§ **What needs to be done**: Pictures stay out of the copy; output exactly the lines from the one containing "Düğmeli ön cepheli, uzun" through the end of the material.

§ **Information supplied**:
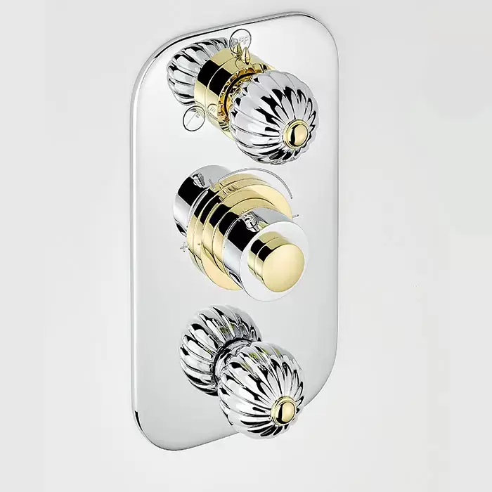 THG Mandarine metal Смеситель для душа встраиваемый, термостатический, с переключателем на 2 положения и запорн вентил, внешн часть, цвет: хром/золото
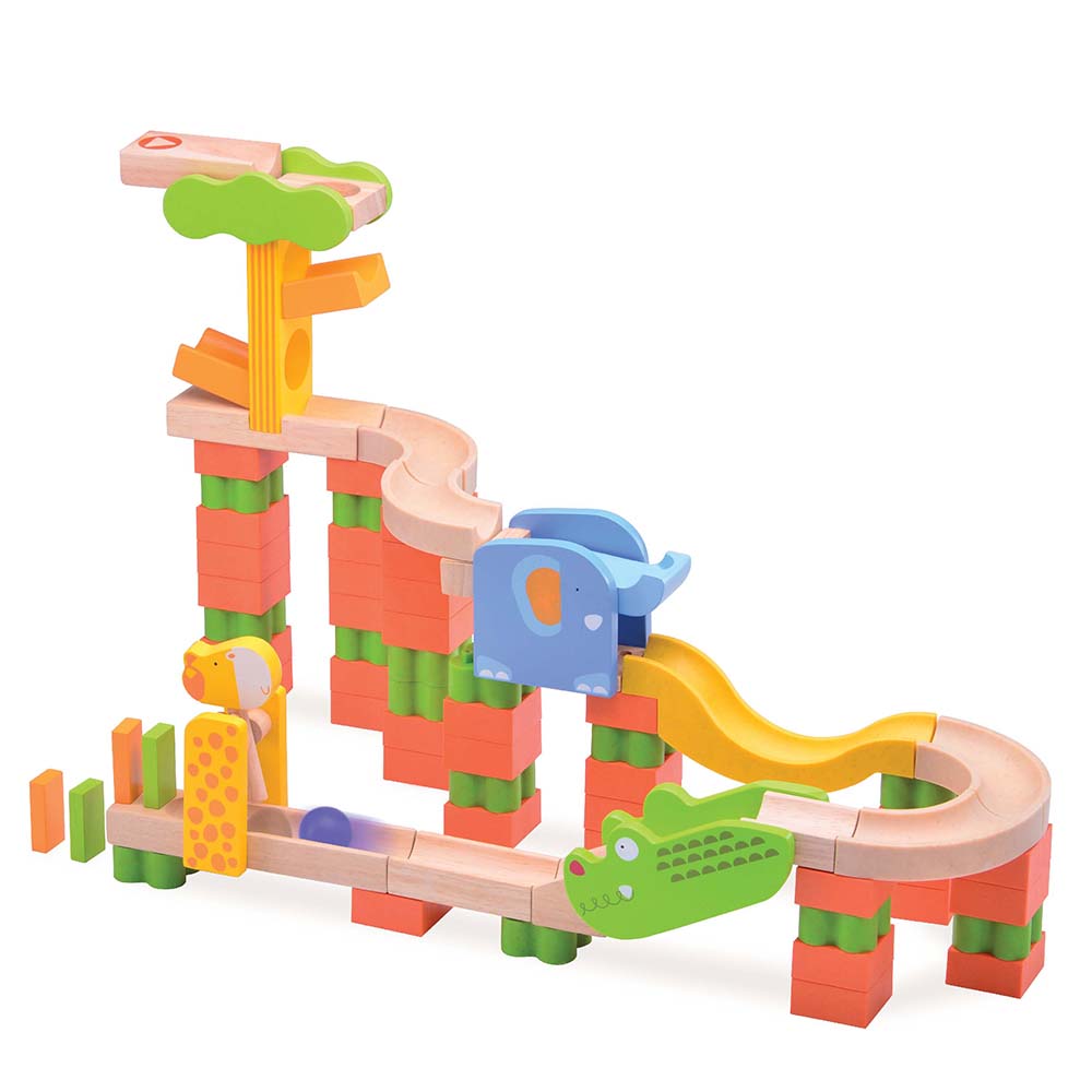 The featured safari track is a track for balls to roll down. There are straight and curved tracks in wooden tone and blocks for supporting the tracks. It comes with safari animals and each animal has a different trick to make this safari track more fun.
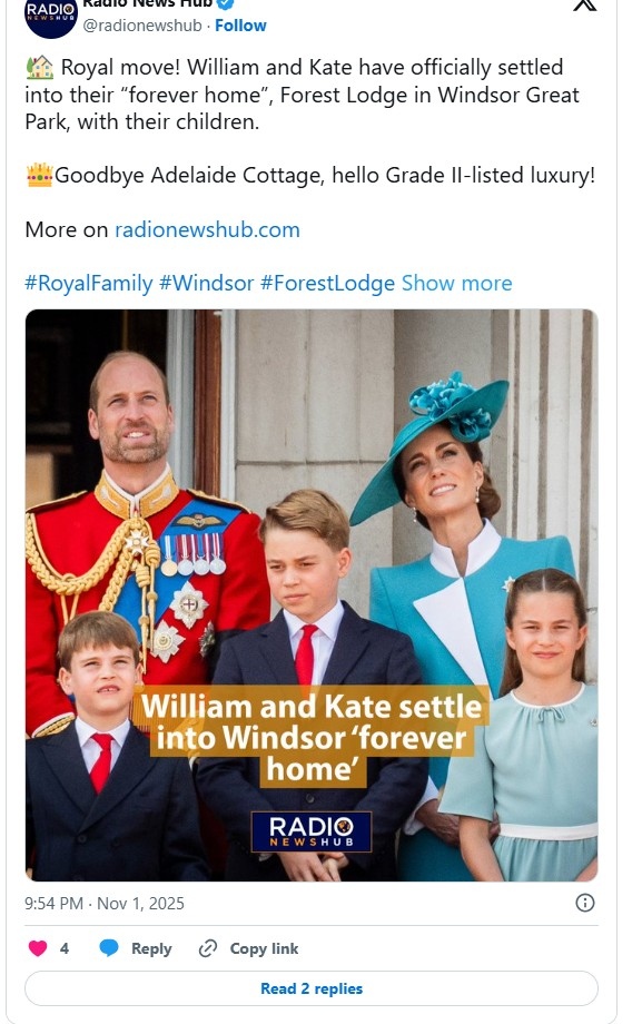 Семейството вече живее във „Форест Лодж“ - дом, разположен в имението Уиндзор, потвърдиха от двореца Кенсингтън пред ABC News в неделя.
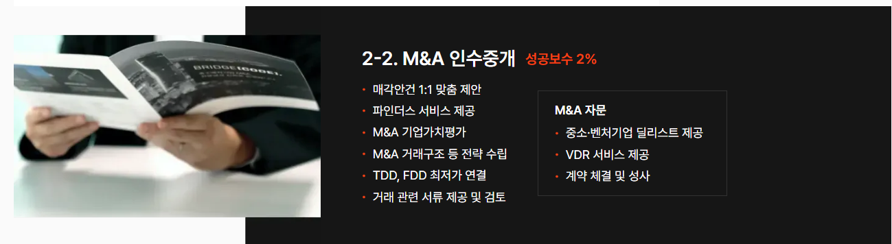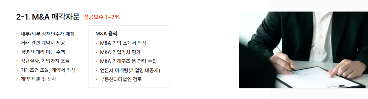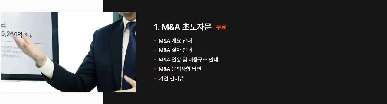 M&A에 필요한 과정은 전부 제공합니다.
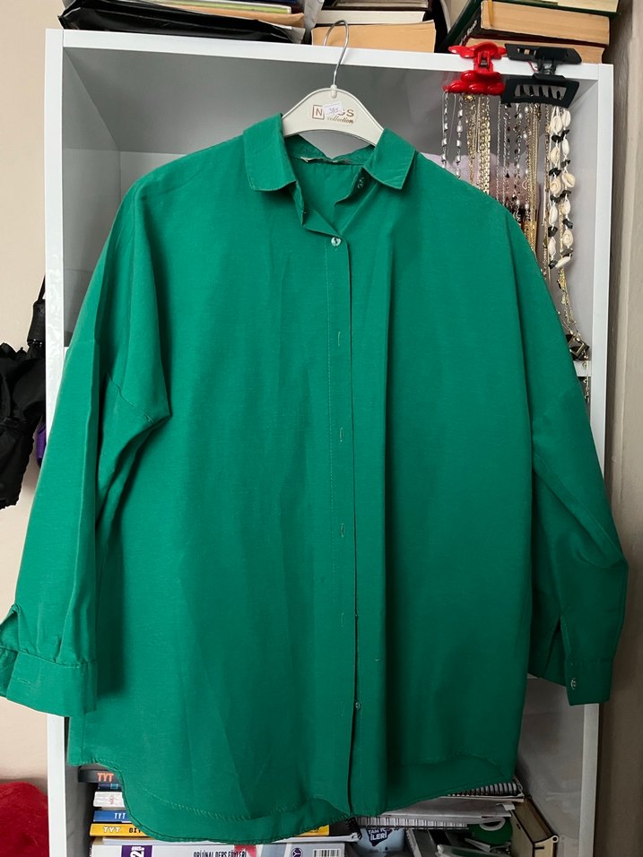 Düğmeli ön cepheli, uzun kollu, yakalı ve bol kesim yeşil keten gömlek, günlük rahat kullanım için uygundur.
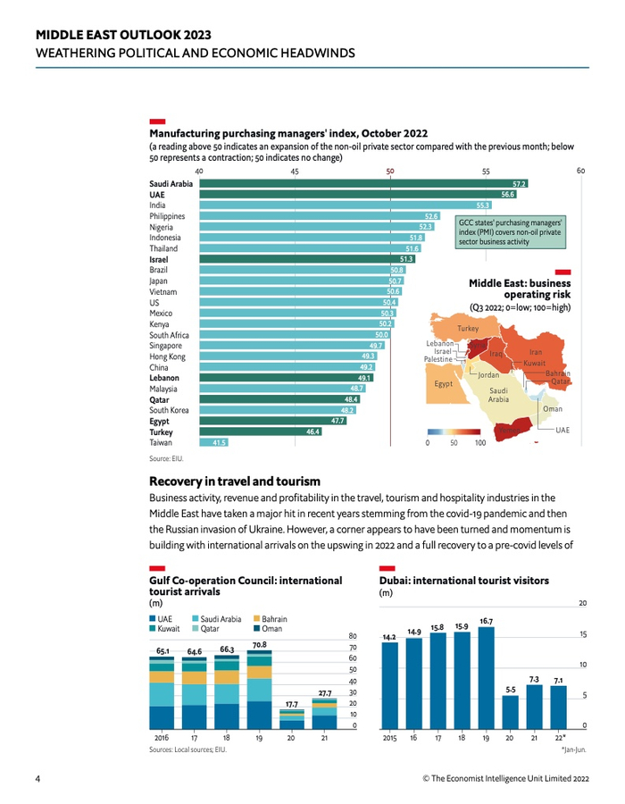 中东各国2023年的商业环境各异。得益于能源行业的繁荣、石油收入向更广泛经济领域的外溢,以及稳步推进的各项商业和经济改革计划,海合会成员国将坐拥中东地区首屈一指的商业环境。在大多数海合会成员国,强劲的采购经理人指数(简称PMI,记录非石油私营部门的各项商业活动,并将50列为荣枯分界线)预示了非能源私营部门在短期内相对健康良好的发展势头。在打造领先商业中心方面,沙特阿拉伯与阿联酋之间的竞争将会愈发激烈。不过,在一些互惠互利的领域,两国仍有较大的合作与合资空间。海合会成员国将继续开放各种新兴行业并大力吸引外国私人投资,而各成员国资本充盈、盈利能力较强的金融行业以及一系列已在推行的亲商型改革将为此类投资提供有力的支撑。

§ **Worked solution**:
 Düğmeli ön cepheli, uzun kollu, yakalı ve bol kesim yeşil keten gömlek, günlük rahat kullanım için uygundur.
 中东各国2023年的商业环境各异。得益于能源行业的繁荣、石油收入向更广泛经济领域的外溢,以及稳步推进的各项商业和经济改革计划,海合会成员国将坐拥中东地区首屈一指的商业环境。在大多数海合会成员国,强劲的采购经理人指数(简称PMI,记录非石油私营部门的各项商业活动,并将50列为荣枯分界线)预示了非能源私营部门在短期内相对健康良好的发展势头。在打造领先商业中心方面,沙特阿拉伯与阿联酋之间的竞争将会愈发激烈。不过,在一些互惠互利的领域,两国仍有较大的合作与合资空间。海合会成员国将继续开放各种新兴行业并大力吸引外国私人投资,而各成员国资本充盈、盈利能力较强的金融行业以及一系列已在推行的亲商型改革将为此类投资提供有力的支撑。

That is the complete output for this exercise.